Saved data entries —
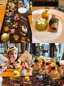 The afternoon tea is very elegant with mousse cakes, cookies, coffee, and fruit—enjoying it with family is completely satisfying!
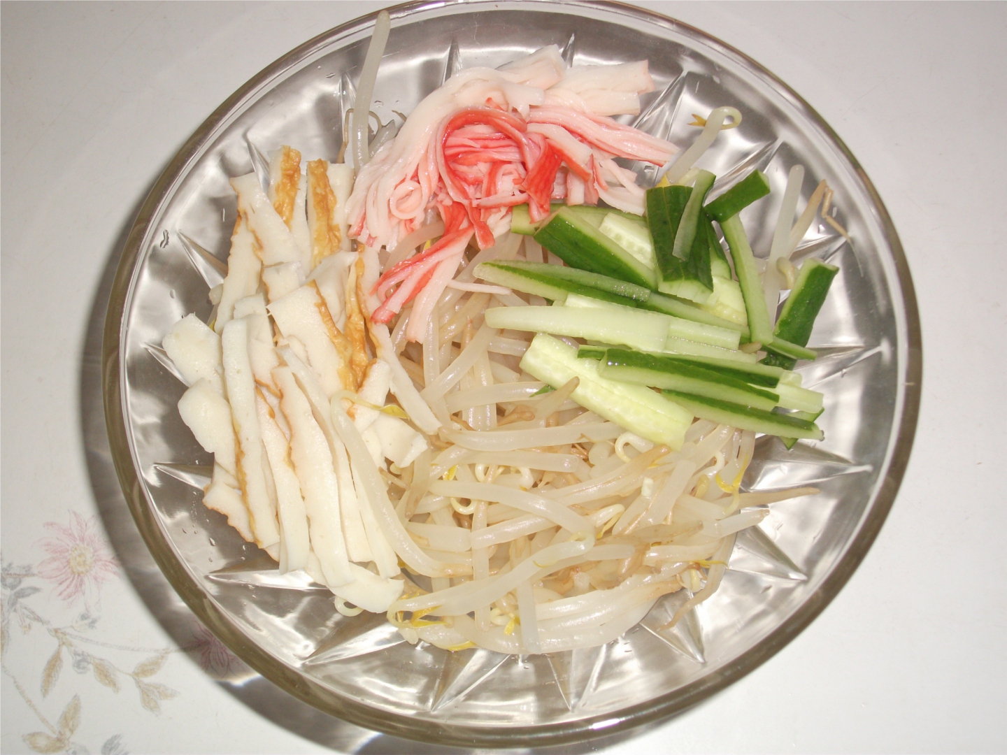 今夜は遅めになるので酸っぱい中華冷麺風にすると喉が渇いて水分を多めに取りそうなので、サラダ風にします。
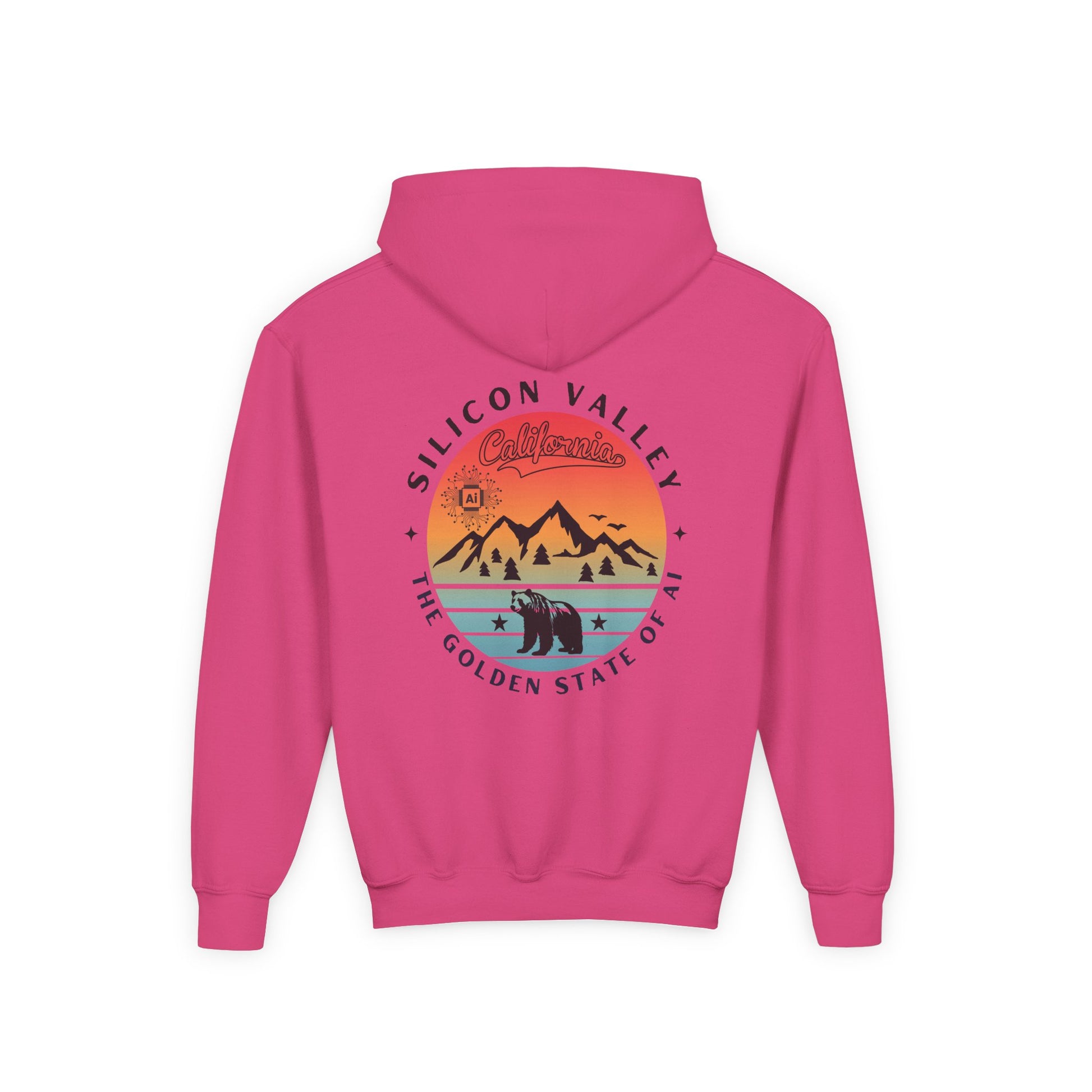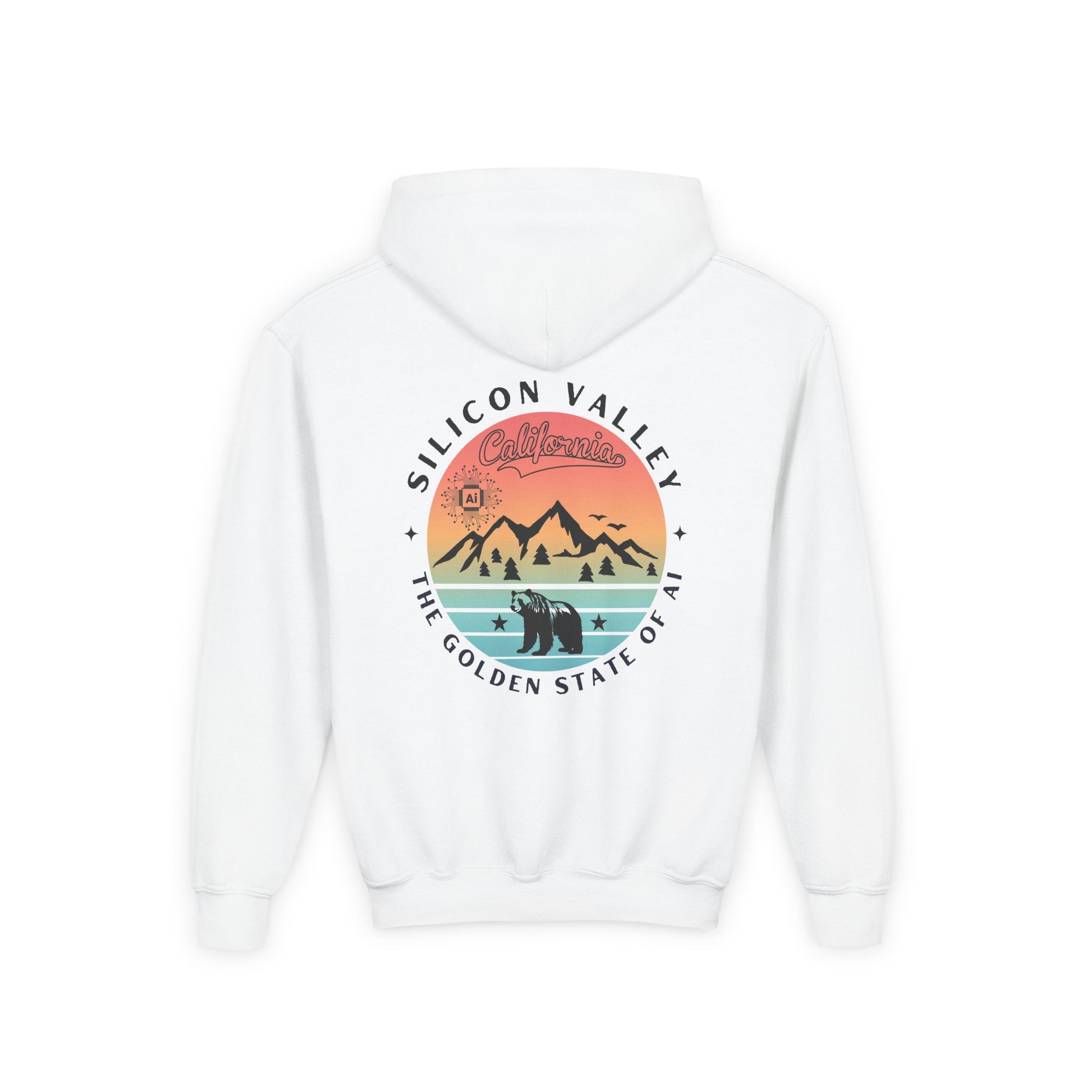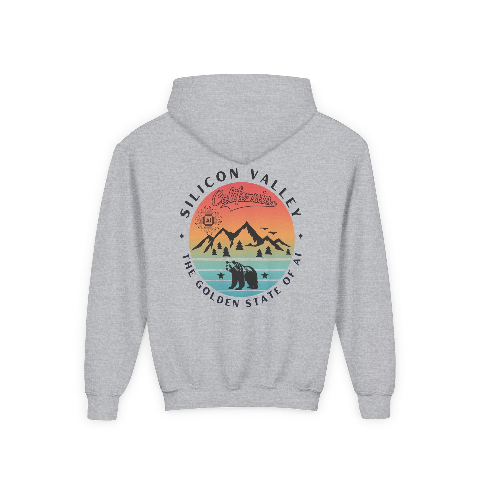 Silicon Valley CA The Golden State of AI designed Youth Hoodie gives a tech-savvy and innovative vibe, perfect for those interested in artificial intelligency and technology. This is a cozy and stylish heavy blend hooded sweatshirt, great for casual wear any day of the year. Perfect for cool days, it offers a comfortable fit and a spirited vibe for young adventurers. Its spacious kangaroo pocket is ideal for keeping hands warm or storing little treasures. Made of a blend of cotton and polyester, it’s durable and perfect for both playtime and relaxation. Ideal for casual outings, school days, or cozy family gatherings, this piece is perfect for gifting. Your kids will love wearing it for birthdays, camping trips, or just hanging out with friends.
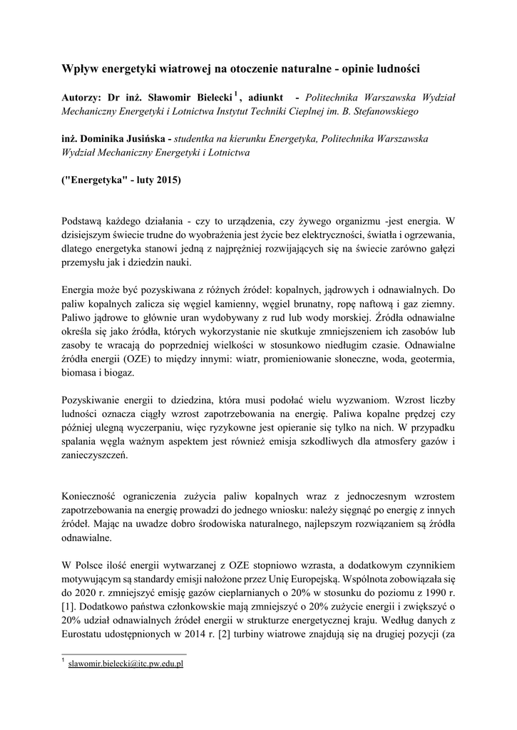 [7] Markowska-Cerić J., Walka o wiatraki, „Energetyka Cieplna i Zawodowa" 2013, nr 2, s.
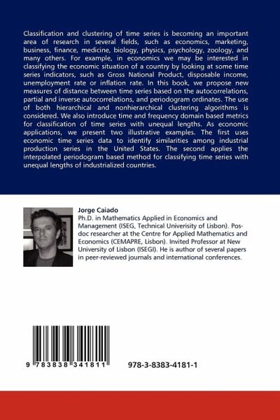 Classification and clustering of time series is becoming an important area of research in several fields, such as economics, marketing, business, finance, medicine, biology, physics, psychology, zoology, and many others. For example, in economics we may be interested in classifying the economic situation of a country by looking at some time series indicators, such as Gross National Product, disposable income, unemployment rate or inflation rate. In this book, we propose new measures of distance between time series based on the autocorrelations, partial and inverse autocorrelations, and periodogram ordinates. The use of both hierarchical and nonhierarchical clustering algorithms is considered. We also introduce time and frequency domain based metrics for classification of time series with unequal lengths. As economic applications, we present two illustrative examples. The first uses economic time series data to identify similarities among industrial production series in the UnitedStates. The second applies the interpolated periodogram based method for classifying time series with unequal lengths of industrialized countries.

What to produce —
Please extract exactly the lines of the data, from the first through the line containing "今夜は遅めになるので酸っぱい", and add no pictures to the copy.

Solution below —
 The afternoon tea is very elegant with mousse cakes, cookies, coffee, and fruit—enjoying it with family is completely satisfying!
 今夜は遅めになるので酸っぱい中華冷麺風にすると喉が渇いて水分を多めに取りそうなので、サラダ風にします。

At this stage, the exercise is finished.